::: Data :::
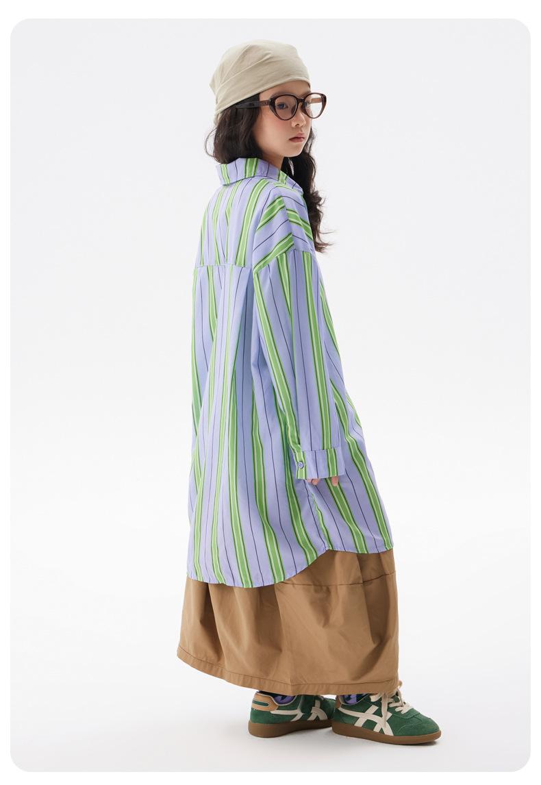 Camisa Casual para Meninas 2025 Outono Nova Infantil Comprimento Médio Listrada Tops Estilo Coreano Camisas de Primavera e Outono para Crianças Grandes
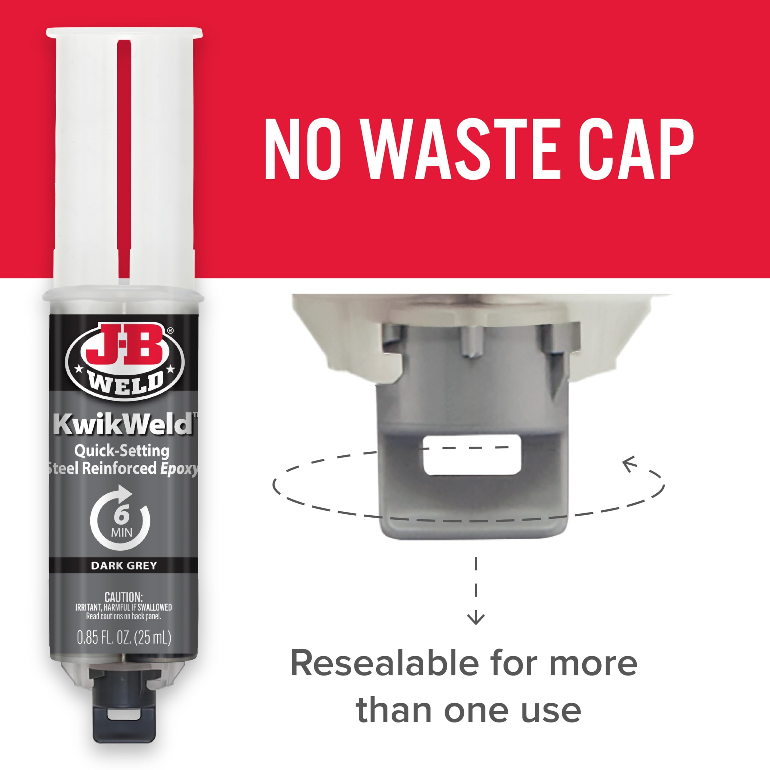 Details: Product Description KwikWeld is a fast-setting version of The Original J-B Weld two-part epoxy cold weld system that provides strong, lasting repairs to metal and multiple other surface types. After mixing, it forms a permanent bond and can be shaped, tapped, filed, sanded and drilled after curing. KwikWeld has a 1:1 mixing ratio, sets in 6 minutes and is fully cured in 4-6 hours. KwikWeld cures to a dark grey color, is rated at a tensile strength of 3127 PSI and will withstand temperatures up to 300ºF. Box Contains 1 x KwikWeld Epoxy
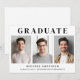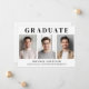 Einfache Ankündigung des Abschlusses mit 3 Fotos in der Mitte, "Graduate" in eleganter Typografie und den Namen, Schule und Klasse Jahr in der modernen Typografie.
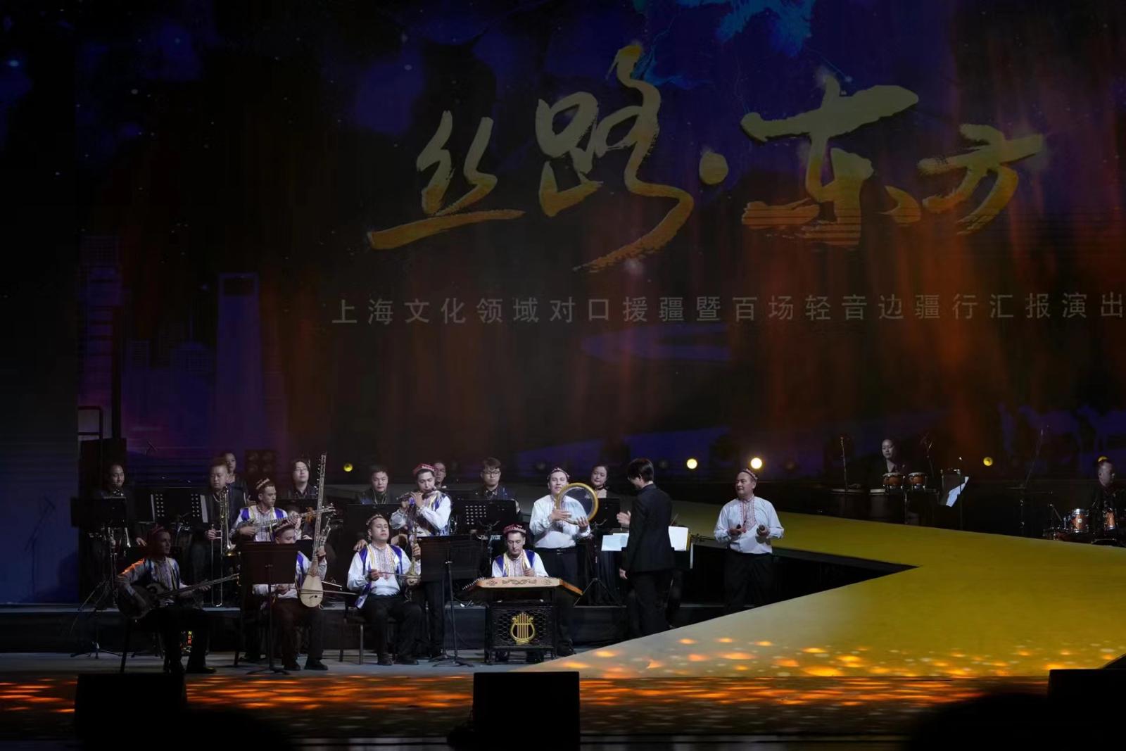 一条“丝路”连接过去和未来,一台歌舞共忆沪疆两地情!日前, “丝路·东方——上海文化领域对口援疆暨百场轻音边疆行汇报演出”在上海北外滩友邦大剧院举行。沪喀两地艺术家同台献艺,通过音乐、舞蹈、情景剧、海派皮影戏等丰富表演形式,尽展上海文化领域的援疆成果。
:::
→ **The problem**: Your task is to repeat the material above exactly, without its pictures.

→ **Completed exercise**:
 Camisa Casual para Meninas 2025 Outono Nova Infantil Comprimento Médio Listrada Tops Estilo Coreano Camisas de Primavera e Outono para Crianças Grandes
 Details: Product Description KwikWeld is a fast-setting version of The Original J-B Weld two-part epoxy cold weld system that provides strong, lasting repairs to metal and multiple other surface types. After mixing, it forms a permanent bond and can be shaped, tapped, filed, sanded and drilled after curing. KwikWeld has a 1:1 mixing ratio, sets in 6 minutes and is fully cured in 4-6 hours. KwikWeld cures to a dark grey color, is rated at a tensile strength of 3127 PSI and will withstand temperatures up to 300ºF. Box Contains 1 x KwikWeld Epoxy
 Einfache Ankündigung des Abschlusses mit 3 Fotos in der Mitte, "Graduate" in eleganter Typografie und den Namen, Schule und Klasse Jahr in der modernen Typografie.
 一条“丝路”连接过去和未来,一台歌舞共忆沪疆两地情!日前, “丝路·东方——上海文化领域对口援疆暨百场轻音边疆行汇报演出”在上海北外滩友邦大剧院举行。沪喀两地艺术家同台献艺,通过音乐、舞蹈、情景剧、海派皮影戏等丰富表演形式,尽展上海文化领域的援疆成果。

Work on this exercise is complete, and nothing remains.